Courage, History, Equality and Baseball

Listening to all of the historical retrospectives on the news and writing a bit about Martin Luther King Day for work – nope, no Monday holiday in my industry – got me thinking a lot today about courage, history, equality and baseball…okay the baseball part is pretty much always droning away in the back of my thoughts these days, but you get the general idea.

I have always been proud of Major League Baseball for breaking the color barrier and playing its own part in the history of the Civil Rights Movement all on its own, without government mandate and for what, to my mind, was the best reason of all – Jackie Robinson was good baseball player and would have been an asset to any team.

Of course this act of bravery, on the parts of Robinson, the Dodgers and Major League Baseball as an institution, was just one action. And one action on its own could never solve all of our nation’s problems with racial discrimination. One action couldn’t even solve all of baseball’s issues on that front. But it was a crucial step that opened the door for other players of color to join the league and for all of America to see them playing well and together with white players, to see players of all colors showing the same amazing athletic ability, teamwork, brotherhood and honor on the athletic field of battle. Eyes, minds and hearts were opened and this became one more brave action helping to affirm all of the brave efforts at integration that preceded it and helping to set the stage and inspire all of the brave acts that were to follow.

When we work and play together, we see each other for what we really are as individuals and it becomes harder and harder to hold onto false assumptions until the relationships that result are actually based on something real. This is a concept that we all know instinctively as children but often forget as adults. Baseball offered a refresher course in this all important lesson to a generation of Americans and many took it to heart…many should continue to take it to heart today. It was one action, but it was one loud, crucial action. Whatever the sport’s current popularity may be in relation to other sports, for this reason more than any other, baseball will always be the real national pastime for me.



  1. russelw

    One thing that gets lost to history though, is that not all of baseball was so quick to accept change. While we think of Robinson breaking the color barrier and ending discrimination in baseball, the truth is, it took some teams years before playing a black player. My team, the Cubs, didn’t have a black player( Ernie Banks) until 1953, six years after Robinson played for the Dodgers. Boston was the last team to integrate in 1959. 1959!!!

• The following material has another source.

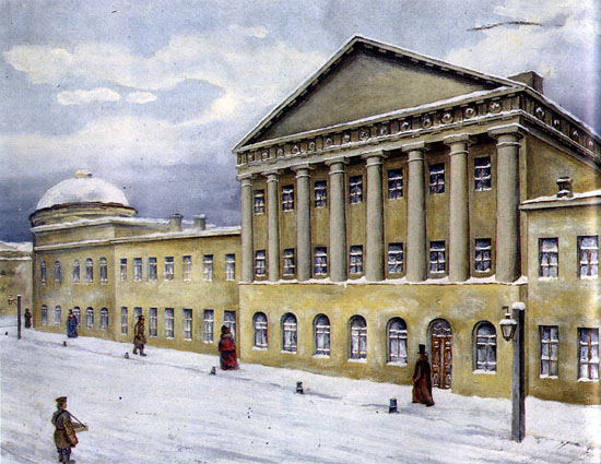 Тем временем московские ученые собирались в дорогу. Укладывались ящики с наиболее ценными музейными экспонатами и приборами, но их судьба оставалась неясна, потому что никаких конкретных распоряжений о лошадях и подводах пока не поступало. Профессора Л.А.Цветаев и А.В.Болдырев воспользовались возможностью отправиться в Казань вместе с другими учебными учреждениями, где они преподавали. М.Т.Каченовский и В.М.Котельницкий уехали вдвоем в Тамбов. А профессор физики П.И.Страхов не торопился с отъездом. Он выбрал и упаковал самые нужные машины и инструменты из физического кабинета, однако его мучила болезнь, и он склонялся к тому, чтобы остаться в своей квартире, а не странствовать в полной неизвестности без денег и пристанища. Похожие настроения были у ректора Гейма, его также томили недобрые предчувствия. День ото дня жизнь в Москве становилась все тревожнее. Перед нами университетский благородный пансион: его воспитанники еще недавно резвились в рощах возле Петровского дворца и воображали, как будут сражаться со злодеями–французами, если те придут в их лагерь. С 15 августа у них должны начаться занятия, но никто из их товарищей в Москву не возвращался, а наоборот, уезжали те, кто жил в городе. «Классы не начинались; все у нас мало–по–малу редело; мы ничем не занимались; никто почти за нами не смотрел. Странное было наше положение: мы были оставлены почти на собственный произвол. Пользуясь этим, мы часто расхаживали по городу. Народ волновался; беспрерывно доходили до нас слухи о народных неистовствах. Прогулка по улицам становилась небезопасною... Преследовали иностранцев; доставалось и русским, если подслушивали, что они говорят на иностранном языке. Один из наших надзирателей, из русских, также был остановлен на улице, но отделался одним страхом.»[51] Наконец, в пансионе осталось всего семь воспитанников, остальных разобрали родные и отвезли по семьям. Инспектор А.А.Прокопович–Антонский решил отправить детей в Петербург, но вдруг отменил решение, узнав по слухам, что дорога туда небезопасна и на город также наступают французы. «Вещи, уложенные в повозку, опять были снесены на прежнее место, лошадей отпустили, и стали мы дожидаться своей участи. Я предвидел что–то неприятное, но не мог сообразить, что могло бы с нами случиться»[52]. Между тем, Антонский простился с ребятами и уехал в деревню. Пансион опустел, в нем не осталось ни одного надзирателя. Радовавшиеся свободе дети бегали по городу и удивлялись наступавшей там пустоте. Перелом в настроении остававшихся еще жителей, при котором их страх и неуверенность перешли в массовое бегство, наступил в те часы, когда в Москву пришли первые известия о Бородинской битве. Краткая радость о одержанной по слухам победе наших войск быстро сменилось осознанием того, что армия продолжает отступать и Москву удержать нельзя. Почти одновременно с этим в город въезжали подводы с тысячами раненых. На окраинах города была слышна пушечная канонада. Тем не менее, тон «афишек» Ростопчина оставался прежним, будто бы он и мысли не допускал об оставлении города. «Сила наша многочисленна и готова положить живот, защищая отечество, не пустить злодея в Москву, – пишет он 30 августа, призывая всех собраться на Трех Горах. – Я буду с вами, и вместе истребим злодея.»[53] В результате на это место постепенно стек

    We see the same thing today. We may have a black president, but there are plenty of people out there that are not ready to accept. It’s a shame that we can’t just let people be

  2. blithescribe

    Jane – You’re welcome. Glad you enjoyed it.
    Russel – You’re quite right about back then, about today and about it being a shame. Also, as we all know, the players who helped break the color lines continued to face discrimination and sometimes violence on the field and sometimes even in their own locker rooms. As I said, it was one action and didn’t even solve all of the problems in baseball at the time. As a student of history though, I have always been fascinated by first steps, even when they’re the first of many long hard steps, because making the decision to be different, map uncharted territory, etc. is to my mind one of the things that makes an individual or group truly exceptional and forces a society to evolve…even if that evolution is slow and society drags its feet every step of the way.